RECORDS TO PROCESS:
------------------------------------------------------------
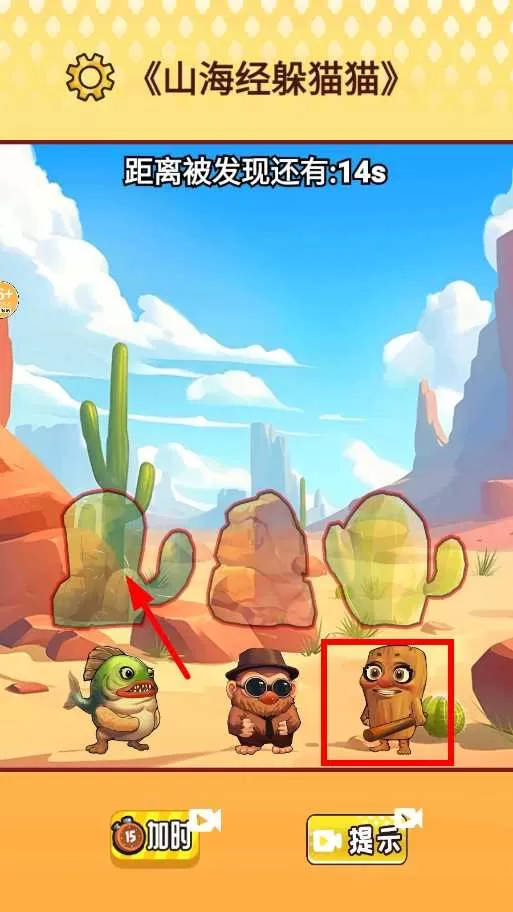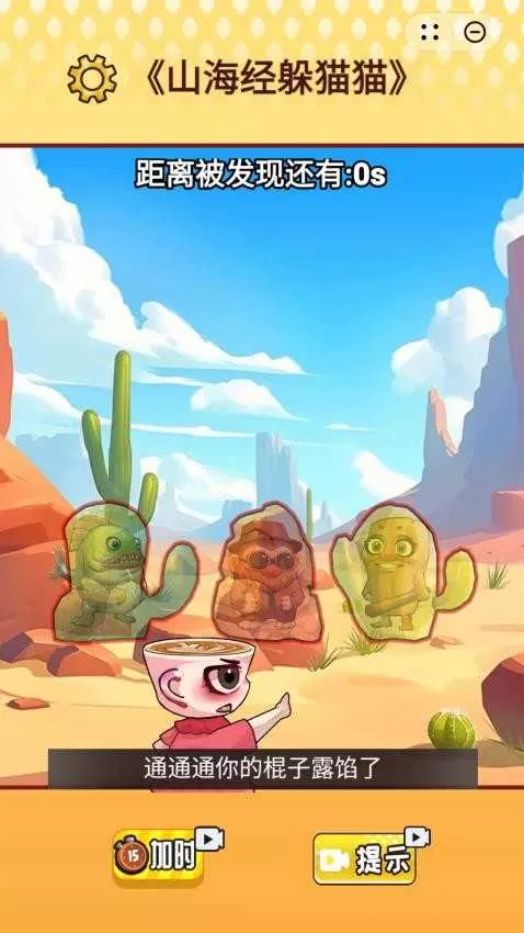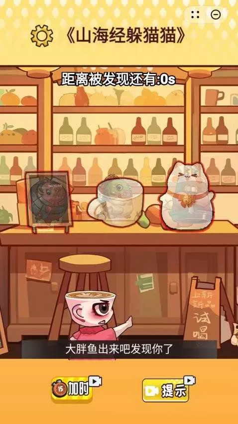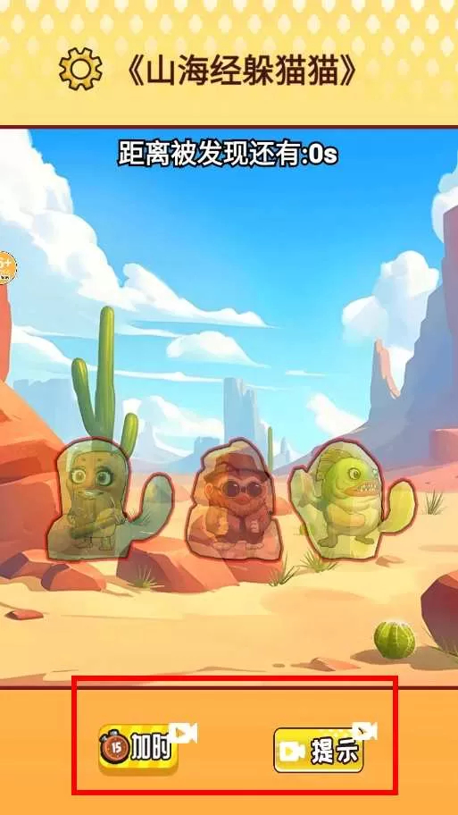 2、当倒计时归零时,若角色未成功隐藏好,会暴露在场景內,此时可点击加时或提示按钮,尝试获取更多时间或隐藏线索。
------------------------------------------------------------
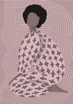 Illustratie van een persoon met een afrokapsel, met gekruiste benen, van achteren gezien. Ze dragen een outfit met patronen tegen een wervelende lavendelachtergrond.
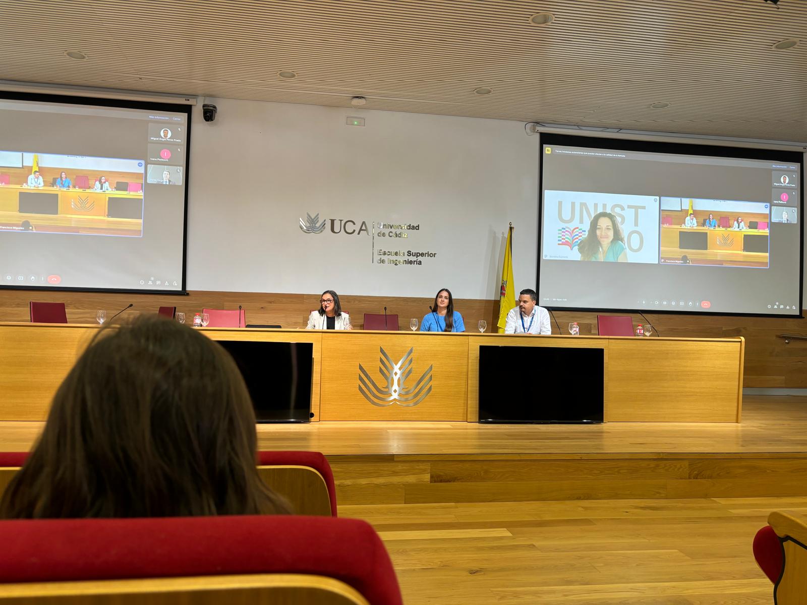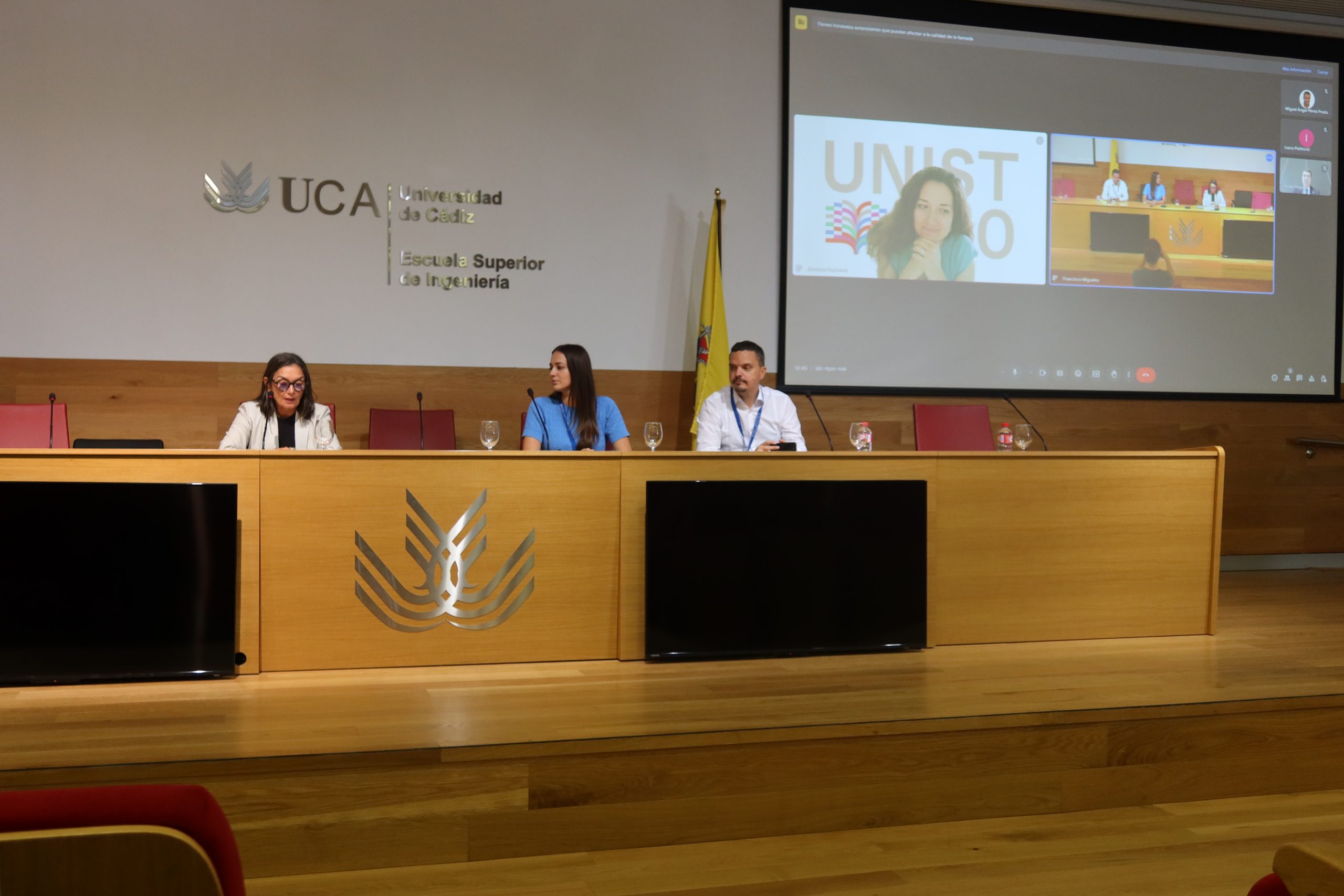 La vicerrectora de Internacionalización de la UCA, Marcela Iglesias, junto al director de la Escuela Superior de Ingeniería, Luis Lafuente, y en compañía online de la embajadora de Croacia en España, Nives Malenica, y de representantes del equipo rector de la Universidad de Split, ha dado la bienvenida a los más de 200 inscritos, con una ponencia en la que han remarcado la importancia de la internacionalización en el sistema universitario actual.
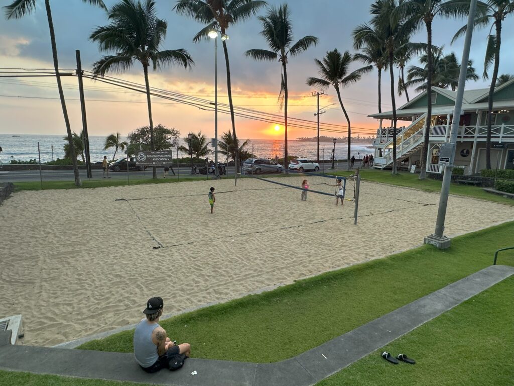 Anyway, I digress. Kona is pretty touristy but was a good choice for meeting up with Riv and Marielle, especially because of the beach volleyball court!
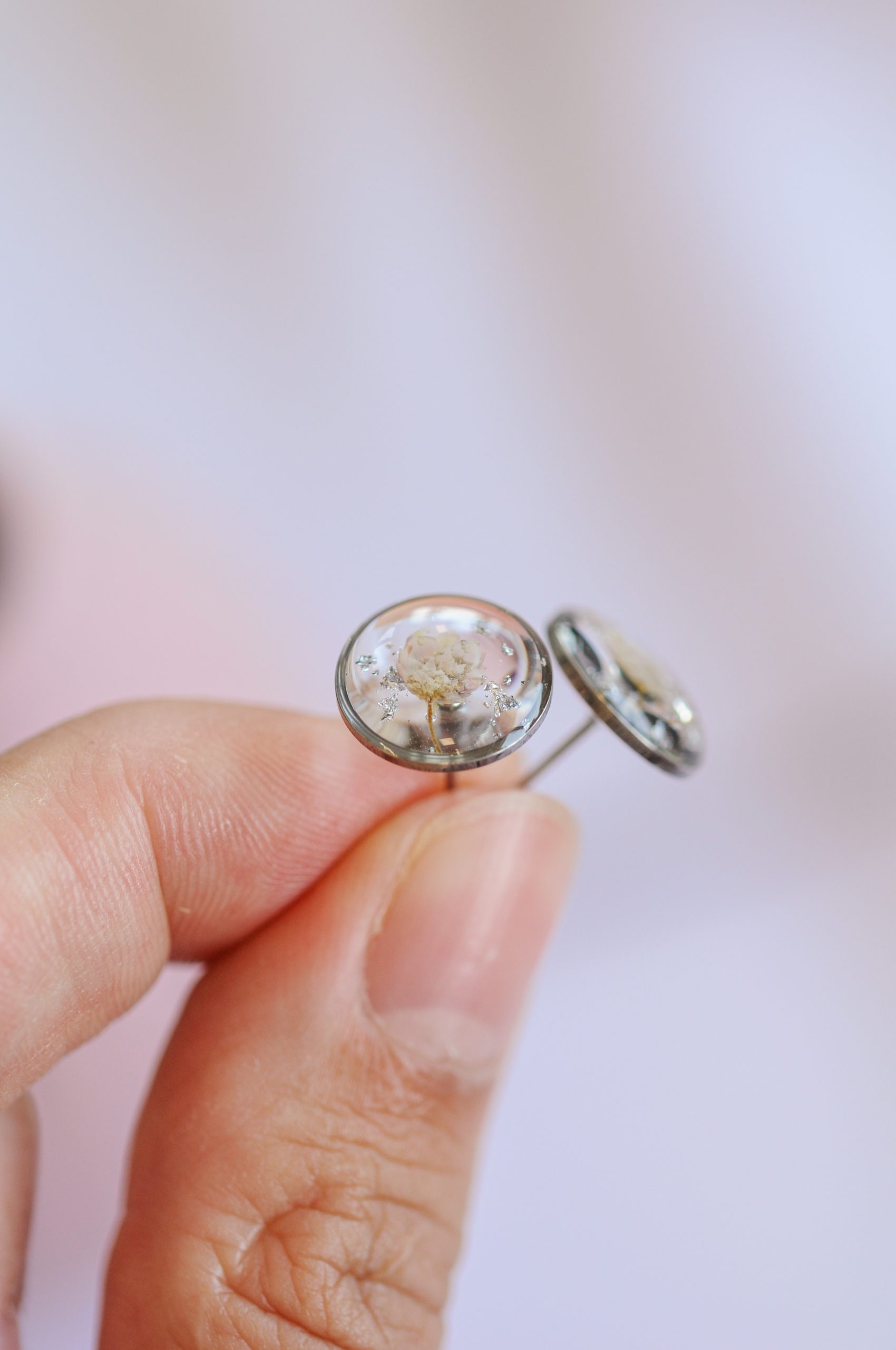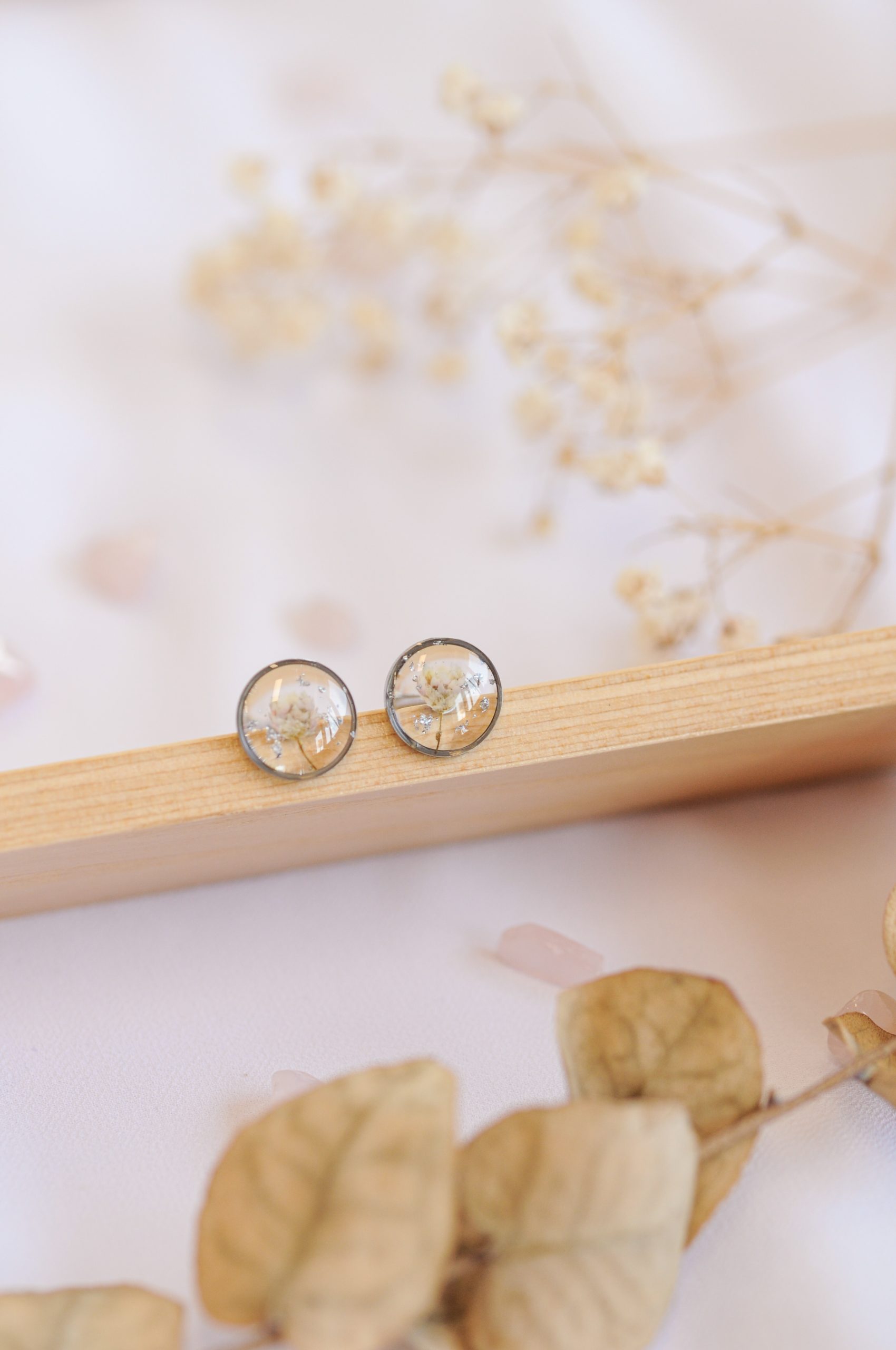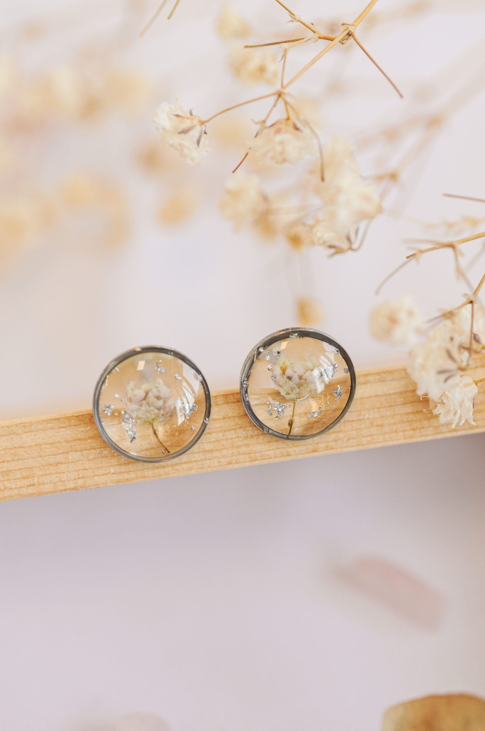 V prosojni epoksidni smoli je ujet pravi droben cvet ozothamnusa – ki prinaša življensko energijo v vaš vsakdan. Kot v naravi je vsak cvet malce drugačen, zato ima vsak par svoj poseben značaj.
------------------------------------------------------------
WHAT TO WORK ON:
Write out, word for word, the stretch of entries that begins at the line with "Illustratie van een" and ends at the line with "Anyway, I digress.". Pictures do not belong in it.

ANSWER SPACE:
 Illustratie van een persoon met een afrokapsel, met gekruiste benen, van achteren gezien. Ze dragen een outfit met patronen tegen een wervelende lavendelachtergrond.
 La vicerrectora de Internacionalización de la UCA, Marcela Iglesias, junto al director de la Escuela Superior de Ingeniería, Luis Lafuente, y en compañía online de la embajadora de Croacia en España, Nives Malenica, y de representantes del equipo rector de la Universidad de Split, ha dado la bienvenida a los más de 200 inscritos, con una ponencia en la que han remarcado la importancia de la internacionalización en el sistema universitario actual.
 Anyway, I digress. Kona is pretty touristy but was a good choice for meeting up with Riv and Marielle, especially because of the beach volleyball court!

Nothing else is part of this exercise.